“I’m going to get a gun!” Marv is whining. Slouched on the family sofa and wearing a paper party hat, a torn and stained cardigan, and an even dirtier white t-shirt underneath, Marv (Will Marchetti) is turning 75 today, and he just can’t face it. “I’m going to get a gun!” he repeats, as his wife, Lois (Frances Lee McCain) bellows back at him from off stage. “That’s all I need,” she grouses. “Holes in the remodel.”
Thus begins The Horses, a new 80-minute play written by Brian Thorstenson and staged by Alternative Theater Ensemble in a San Rafael storefront, now through November 15, 2009. Sandwiched between Floorcoverings of Marin County and the Rebound Bookstore, which, on the night I attended, served as the theater-company-without-a-home’s lobby, the space is clean, cramped, and unpretentious — there’s a “For Lease” sign in the window. Most of the chairs are of the folding variety; two of them are perched in one of the storefront’s windows. Extension cords snake around the ceiling and spotlights are secured with plastic zip ties.

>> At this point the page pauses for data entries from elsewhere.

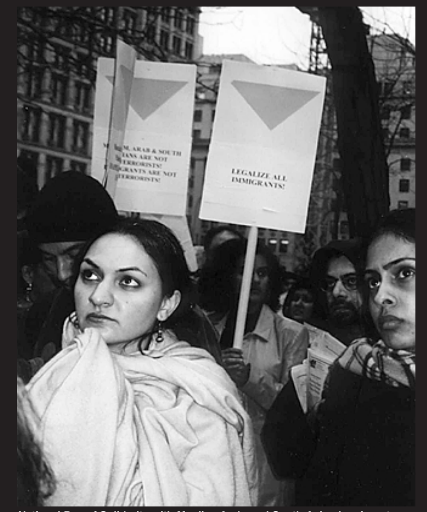
National Day of Solidarity with Muslim, Arab, and South Asian Immigrants, February 20, 2002.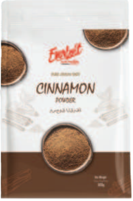
Cinnamon Powder 100g / 200g / 500g/ 1Kg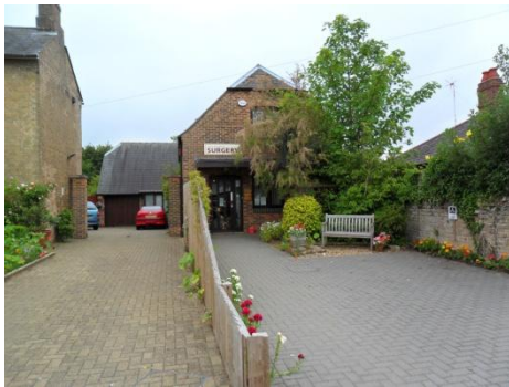
The current GP surgery premises

Marv is your typical big baby, the classic crusty old coot who’s crushed by a lifetime of petty regrets. Lois is well within her rights to be impatient with this shallow shell of a man. It’s not the big questions he’s wrestling with. He bellyaches about never having been fly-fishing, he wishes he had gone hang-gliding. Boo-freaking-hoo. And while his wife is running around trying to get ready for his party, including making him his favorite cake, he can’t even get it together to change out of his ratty rags.

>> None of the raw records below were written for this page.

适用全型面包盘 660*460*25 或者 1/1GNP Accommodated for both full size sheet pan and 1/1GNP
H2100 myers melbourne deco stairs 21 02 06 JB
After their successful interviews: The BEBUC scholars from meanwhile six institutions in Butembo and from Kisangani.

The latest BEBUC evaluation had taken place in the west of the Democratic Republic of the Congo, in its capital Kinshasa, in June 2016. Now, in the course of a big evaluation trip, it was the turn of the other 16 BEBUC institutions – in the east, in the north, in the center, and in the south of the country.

The problem, we learn, is that Marv has a rather active fantasy life. As soon as Lois is out of the room, the couch becomes the Pontiac Marv never had, and a younger woman named Patsy (Anne Darragh) appears by his side. In her blue party dress and bright red pumps, Anne is the opposite of practical Lois, a sassy, flirty, fun-loving broad who shares Marv’s fondness for bucket-list adventures. Their relationship is not sexual (that train appears to have left Marv’s station some time ago), but Patsy is a fantasy nonetheless, a none-too-bright party girl who uses quirky phrases like “That’s a total bust!” to describe the things she likes. She’s Marv’s kind of gal.
One of Marv’s minor regrets (minor, to the extent that it appears to trouble him less than never having been to Machu Picchu) is his son, Michael (Michael Ray Wisely), who describes himself as an “interior architect” rather than an “interior designer” because his father already thinks he’s a bit “fruity.” As if to help confirm his father’s assumptions about his sexuality, Michael gives his dear old dad a new sweater for his birthday. This momentarily alleviates Lois’s concern that Marv’s old sweater is not “spiffy” enough to wear in front of his guests, but we can easily predict that Marv will never see them anyway. When given the choice between attending a birthday party he doesn’t want and hanging out in his living room with Patsy and his magical couch, well, it’s not even close.